### EXTRACTED RECORDS
=== Begin Enclosure ===

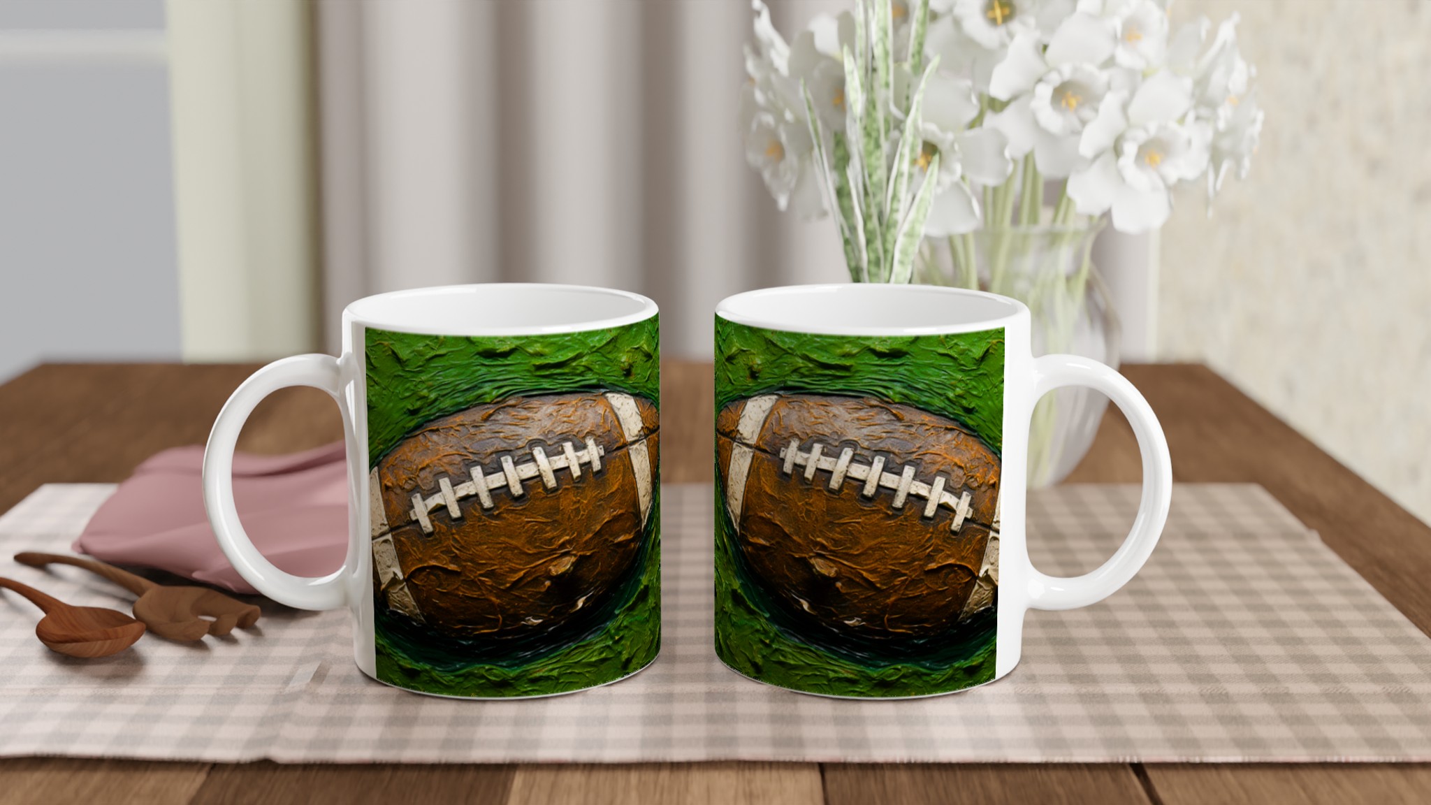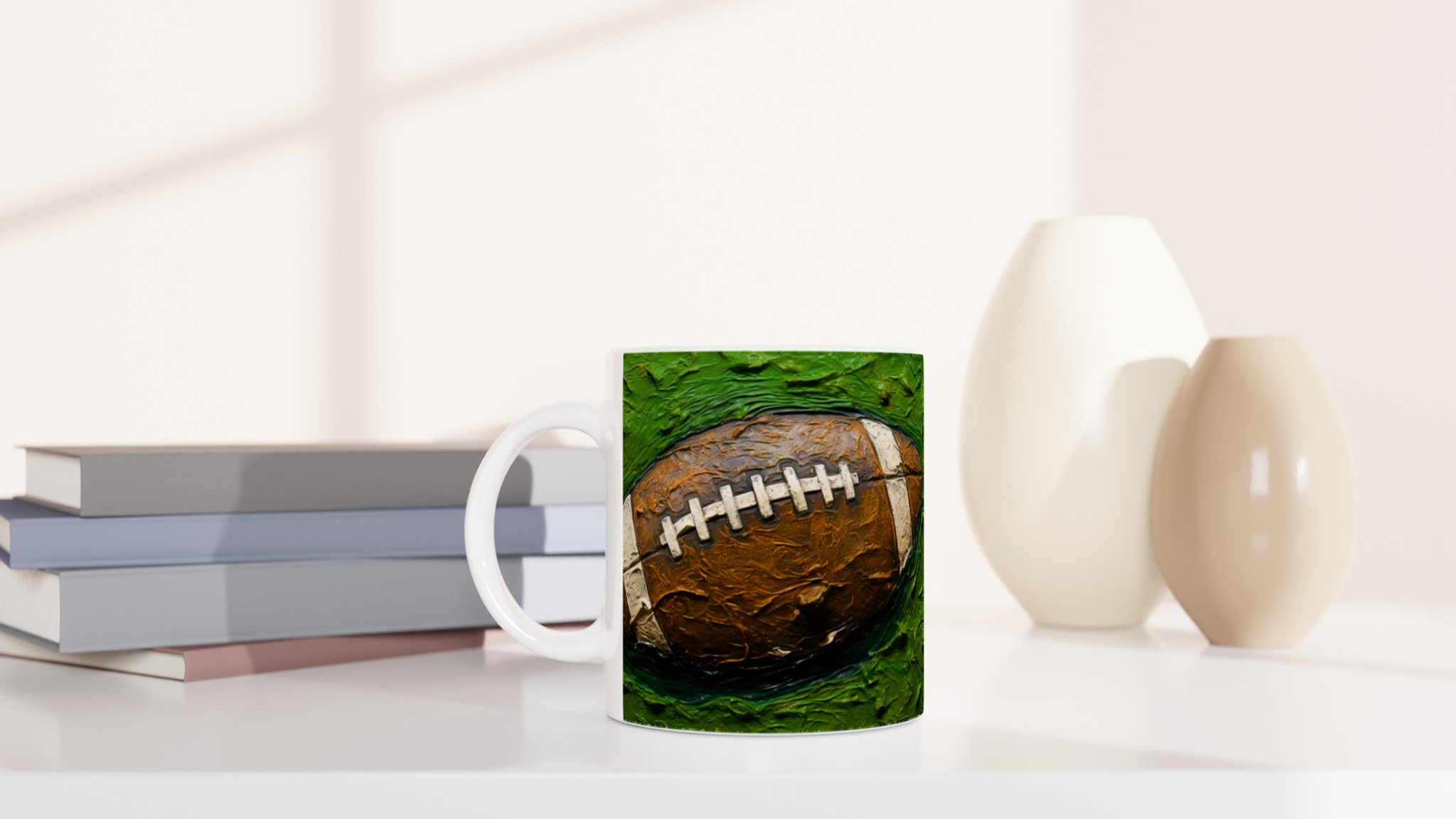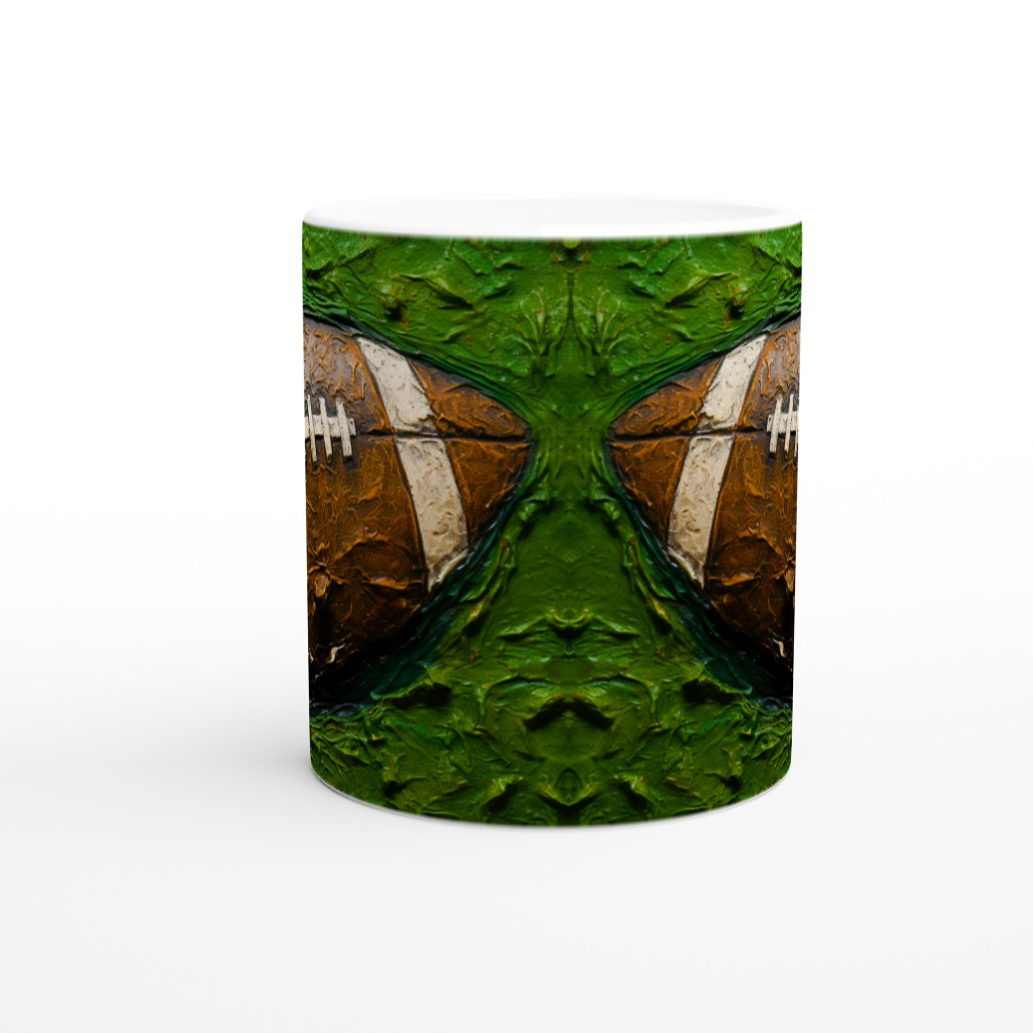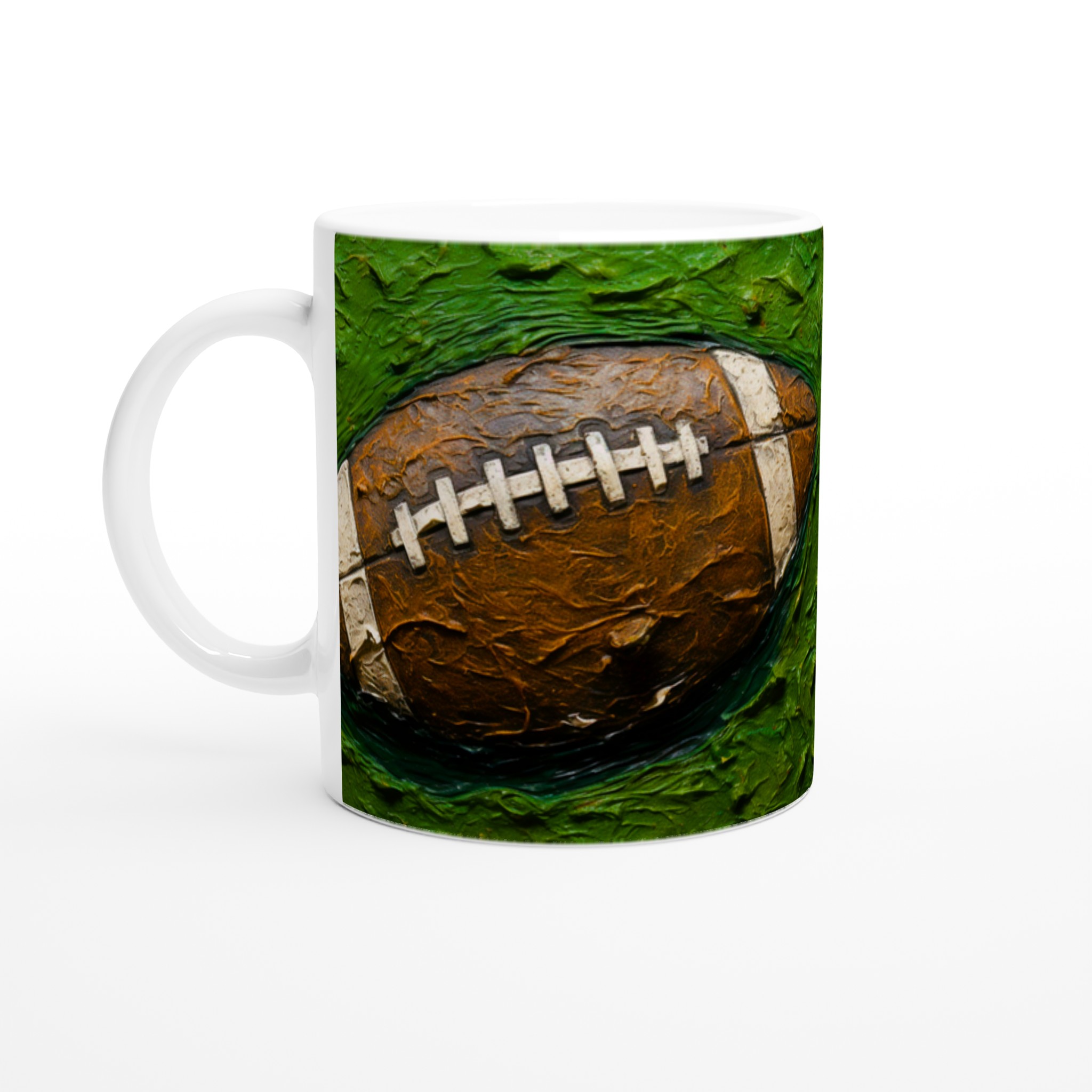 Fånga den råa energin från amerikansk fotboll med denna unika keramiska mugg. Dess design, inspirerad av en strukturerad fotboll och det dynamiska gröna spelplanen, gör varje klunk till en hyllning till sporten. Perfekt för morgonkaffet före matchen, kvällens varma choklad efter träningen eller när du bara vill njuta av en kopp te medan du hejar på ditt favoritlag. Den blanka ytan framhäver den konstnärliga, texturerade bilden med klara och levande färger, som håller sig fina även efter många turer i mikron och diskmaskinen.
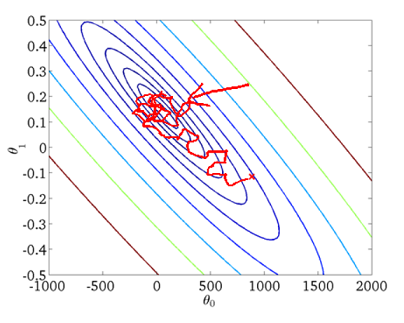 随机梯度下降是通过每个样本来迭代更新一次,如果样本量很大的情况(例如几十万),那么可能只用其中几万条或者几千条的样本,就已经将$\theta$迭代到最优解了,对比上面的批量梯度下降,迭代一次需要用到十几万训练样本,一次迭代不可能最优,如果迭代10次的话就需要遍历训练样本10次。但是,SGD伴随的一个问题是噪音较BGD要多,使得SGD并不是每次迭代都向着整体最优化方向。
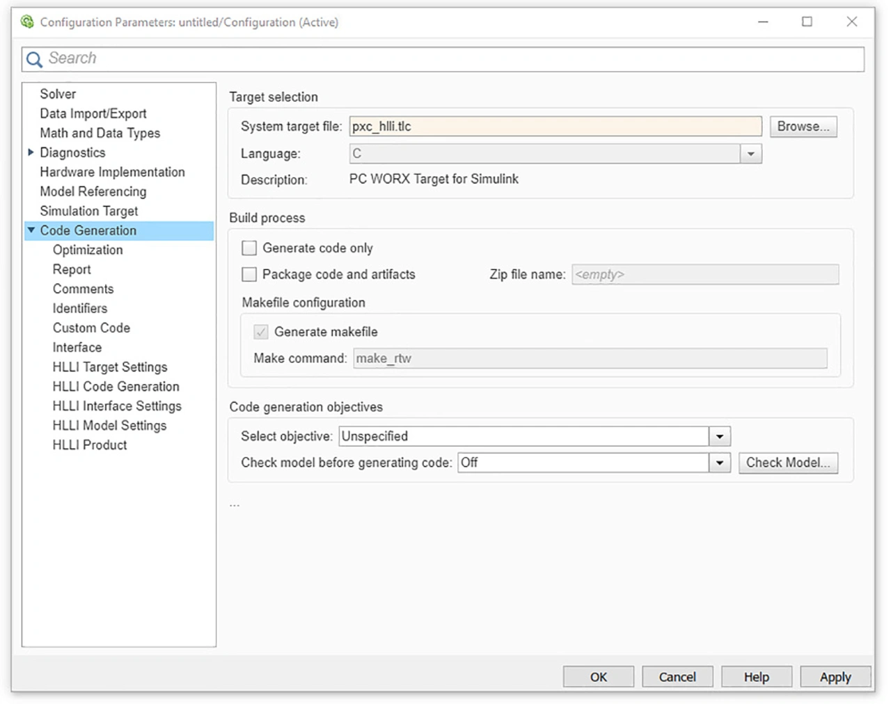 Als Schnittstelle von der PLCnext Technology zur Entwicklungsumgebung Matlab/Simulink dient das Add-on „PC Worx Target for Simulink“. Es ermöglicht die automatische Erzeugung von Code des zu implementierenden Modells für alle gängigen Industriesteuerungen der Produktfamilien Remote Field Controller (RFC) und Axioline Controller (AXC). Zu diesem Zweck erzeugt es die Schnittstelle zwischen dem erstellten Code aus dem Simulink Coder und dem PLCnext Framework. Mit dem Add-on bekommen die Simulink-Anwender erweiterte Einstellmöglichkeiten, etwa um spezielle Änderungen am Code oder anderen Konfigurationsoptionen vorzunehmen, bevor diese mit nur einem Mausklick kompiliert werden (Bild 1).
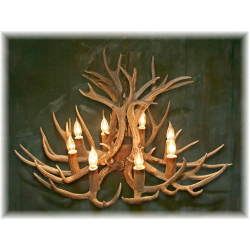 Mule Deer 12 antler 8 light chandelier. Made similar to the whitetail 12 antler 8 light chandelier except larger. Measures approx 34-38" diameter and is approx 20-24" tall. Comes with as much chain and wire as needed. Makes a great dining or entryway light for your log cabin, or rustic decor. While most chandeliers adapt well to shades, rawhide shades are not included unless noted on the initial order. Please allow 4-6 weeks for delivery.
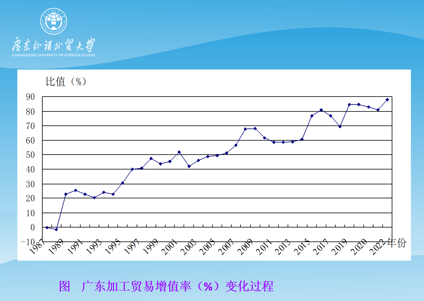 在对全球价值链和加工贸易有了充分的梳理之后,陈万灵教授聚焦于广东加工贸易,运用真实精确的数据与清晰易懂的图表,阐释了加工贸易在不同时期的增长与地位变化。他强调,在90年代后期,政策作用开始由先前的鼓励转变为中性。进入了21世纪之后,中国加入WTO,外贸出现“超常规”增长,而加工贸易在保持高速增长的同时也显现出了疲态,地位开始下降,针对加工贸易的限制性措施也随之增多,国际金融危机叠加,转型升级迫在眉睫。对此,陈万灵教授基于国际国内经贸环境,就加工贸易发展的问题及其转型升级必然性进行了一定的阐述。
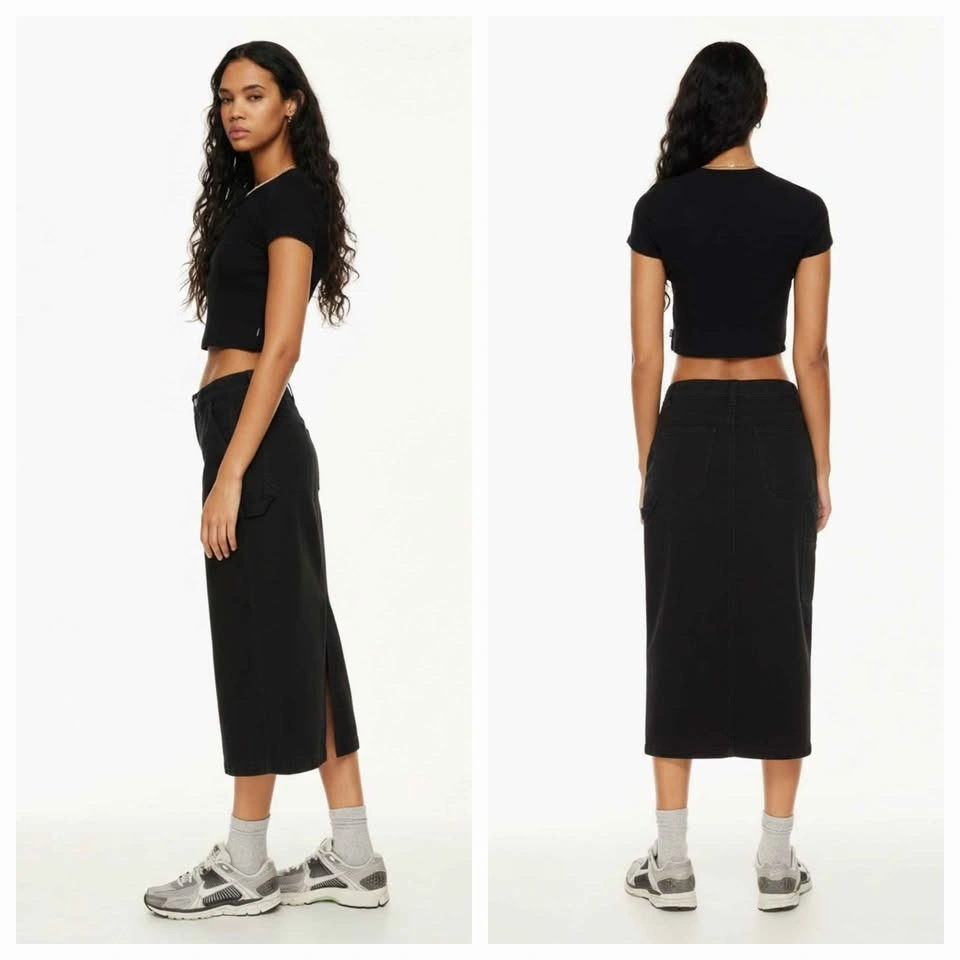 Details: This is a high-rise midi skirt featuring classic carpenter/utility details, including side patch pockets and a functional hammer loop. The Wash: Features Aritzia’s signature Trooper Wash (Garment Dye), which gives it a unique,
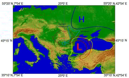 In the cold season (i.e., October–March), the sea is an important source of heat and water vapor, which help the formation and development of cyclones [7,8,9,10]. When a Black Sea cyclone is very intense, and/or when it is in strong contact with a high-pressure field (i.e., of East-European, Azores, or Scandinavian origin), high pressure gradient, and often, temperature gradient is generated. Under these conditions, the wind intensifies in eastern and southeastern Romania. The direction and intensity of this local wind (called “crivăț” in Romanian) depends also on the topography [11,12]. The cold air from northern or northeastern Europe is forced to move between the dynamic dam offered by the Eastern Carpathians and the thermal dam of the Black Sea (Figure 1) [13,14,15,16]. If this intense wind is associated with snow and causes the temporary decrease of visibility, the generated phenomenon is classified as a blizzard [17].
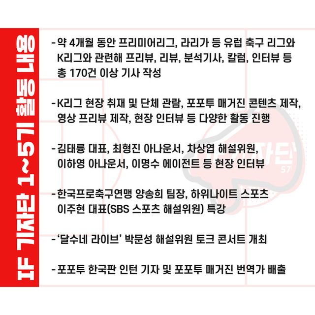 지난 2023년 3월 출범한 <IF 기자단>은 총 5기를 배출했으며 각 기수마다 약 4개월 동안 프리미어리그, 라리가 등 유럽 축구 리그와 K리그와 관련해 프리뷰, 리뷰, 분석기사, 칼럼, 인터뷰 등 총 600건 이상의 기사를 작성했다.
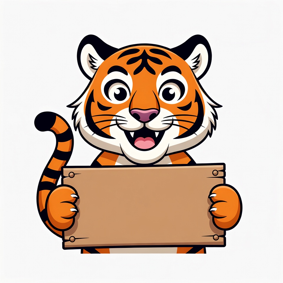animal, big eyes, black stripes, blank sign, cartoon tiger, clipart, cute tiger, empty sign, fun tiger, holding sign, illustration, isolated background, mascot, orange tiger, signboard, smiling tiger, vector art, wildlife cartoon, wooden sign, tiger

=== End Enclosure ===

### GOAL OF THE EXERCISE
Output the line containing "在对全球价值链和加工贸易有了" along with every line after it to the end of the material, exactly as written, but without pictures.

### ANSWER SPACE
 在对全球价值链和加工贸易有了充分的梳理之后,陈万灵教授聚焦于广东加工贸易,运用真实精确的数据与清晰易懂的图表,阐释了加工贸易在不同时期的增长与地位变化。他强调,在90年代后期,政策作用开始由先前的鼓励转变为中性。进入了21世纪之后,中国加入WTO,外贸出现“超常规”增长,而加工贸易在保持高速增长的同时也显现出了疲态,地位开始下降,针对加工贸易的限制性措施也随之增多,国际金融危机叠加,转型升级迫在眉睫。对此,陈万灵教授基于国际国内经贸环境,就加工贸易发展的问题及其转型升级必然性进行了一定的阐述。
 Details: This is a high-rise midi skirt featuring classic carpenter/utility details, including side patch pockets and a functional hammer loop. The Wash: Features Aritzia’s signature Trooper Wash (Garment Dye), which gives it a unique,
 In the cold season (i.e., October–March), the sea is an important source of heat and water vapor, which help the formation and development of cyclones [7,8,9,10]. When a Black Sea cyclone is very intense, and/or when it is in strong contact with a high-pressure field (i.e., of East-European, Azores, or Scandinavian origin), high pressure gradient, and often, temperature gradient is generated. Under these conditions, the wind intensifies in eastern and southeastern Romania. The direction and intensity of this local wind (called “crivăț” in Romanian) depends also on the topography [11,12]. The cold air from northern or northeastern Europe is forced to move between the dynamic dam offered by the Eastern Carpathians and the thermal dam of the Black Sea (Figure 1) [13,14,15,16]. If this intense wind is associated with snow and causes the temporary decrease of visibility, the generated phenomenon is classified as a blizzard [17].
 지난 2023년 3월 출범한 <IF 기자단>은 총 5기를 배출했으며 각 기수마다 약 4개월 동안 프리미어리그, 라리가 등 유럽 축구 리그와 K리그와 관련해 프리뷰, 리뷰, 분석기사, 칼럼, 인터뷰 등 총 600건 이상의 기사를 작성했다.
animal, big eyes, black stripes, blank sign, cartoon tiger, clipart, cute tiger, empty sign, fun tiger, holding sign, illustration, isolated background, mascot, orange tiger, signboard, smiling tiger, vector art, wildlife cartoon, wooden sign, tiger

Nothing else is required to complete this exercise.